Dans une élection très favorable au sortant, surtout vu le contexte sanitaire, la possibilité d’une alliance avec la liste PS au deuxième tour est d’ailleurs déjà discutée, à condition que la place des citoyens sur la liste s’impose comme une « ligne rouge ». « Il y a une réorientation de fond à mener sur le plan écologique à la région que le PS ne veut pas forcément porter, regrette de son côté Karin Fischer. Mais si on est derrière au premier tour, nous agirons en conséquence, pas question de laisser la région à la droite. »

Une droite elle-même divisée : le ministre chargé des relations avec le Parlement, Marc Fesneau (Modem), se présente comme candidat pour la majorité, mais peine à constituer sa liste ; Nicolas Forissier embarque pour Les Républicains en compagnie de l’UDI et des centristes ; et le tout jeune Aleksandar Nikolic avance sous les couleurs du Rassemblement national.

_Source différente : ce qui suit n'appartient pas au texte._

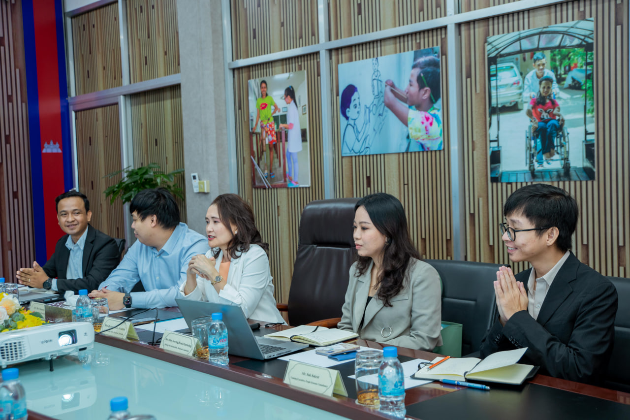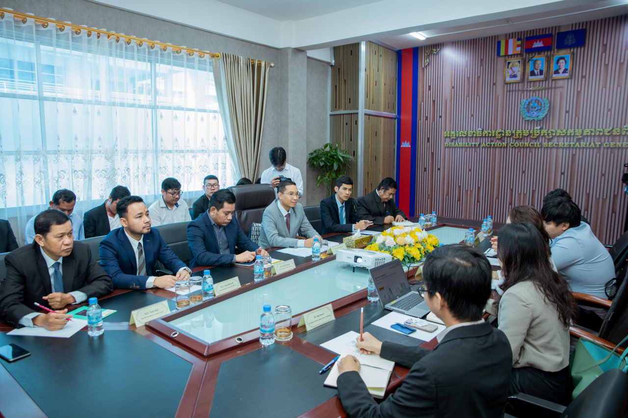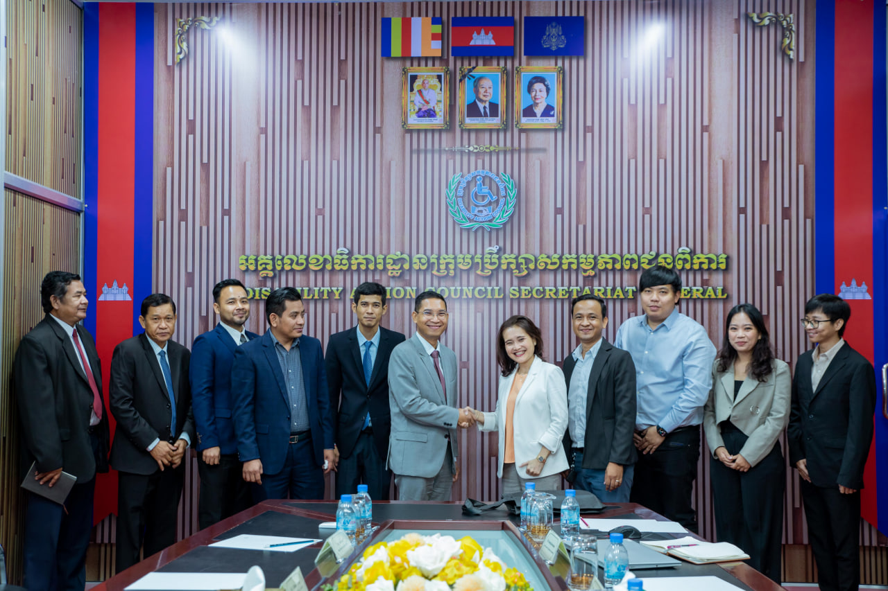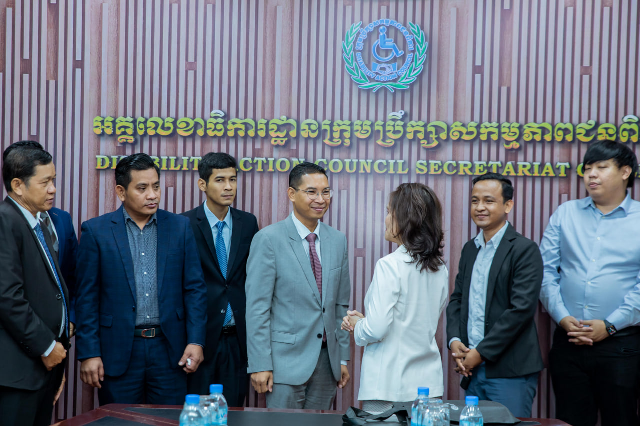 ភ្នំពេញ៖ រដ្ឋលេខាធិការ និងជាអគ្គលេខាធិការក្រុមប្រឹក្សាសកម្មភាពជនពិការ តំណាងដ៏ខ្ពង់ខ្ពស់ឯកឧត្តម ជា សុមេធី រដ្ឋមន្ត្រីក្រសួងសង្គមកិច្ច អតីតយុទ្ធជន និងយុវនីតិសម្បទា, ឯកឧត្តម ឯម ច័ន្ទមករា បានទទួលជួបពិភាក្សាការងារជាមួយនាយិកានាយកដ្ឋានគ្រប់គ្រងប្រតិបត្តិការនៃធនាគារ មេយប៊ែង May Bank លោកស្រី Qazreen Chan Abdullah នាព្រឹកថ្ងៃពុធ ទី២៥ ខែតុលា ឆ្នាំ២០២៣នៅទីស្ដីការក្រសួងសង្គមកិច្ច ដើម្បីរកលទ្ធភាពក្នុងការជួយដល់ជនមានពិការភាពនៅកម្ពុជា។

La région n’est d’ailleurs pas à l’abri d’une bascule vers l’extrême droite : en 2015, le Front national était au premier tour au coude à coude avec la droite, et à cinq petits points de la liste socialiste, partie avec EELV cette fois-là. Le parti frontiste y a remporté les européennes de 2018.

Dans cette région rurale modelée au doigt mouillé à l’occasion de la réforme de 2016 et à la sociologie électorale plutôt défavorable, « notre cible, ce doit être les abstentionnistes de gauche », martèlent donc les petites mains de la campagne d’« Un nouveau souffle ». Lors de la dernière marche pour le climat, le 9 mai dernier, le cortège où étaient présents de nombreux candidats de la liste s’est élancé, fait inhabituel, non pas de la bourgeoise préfecture du Loir-et-Cher, mais des quartiers nord de Blois. « Des quartiers populaires, il était temps », glisse Reda Belkadi.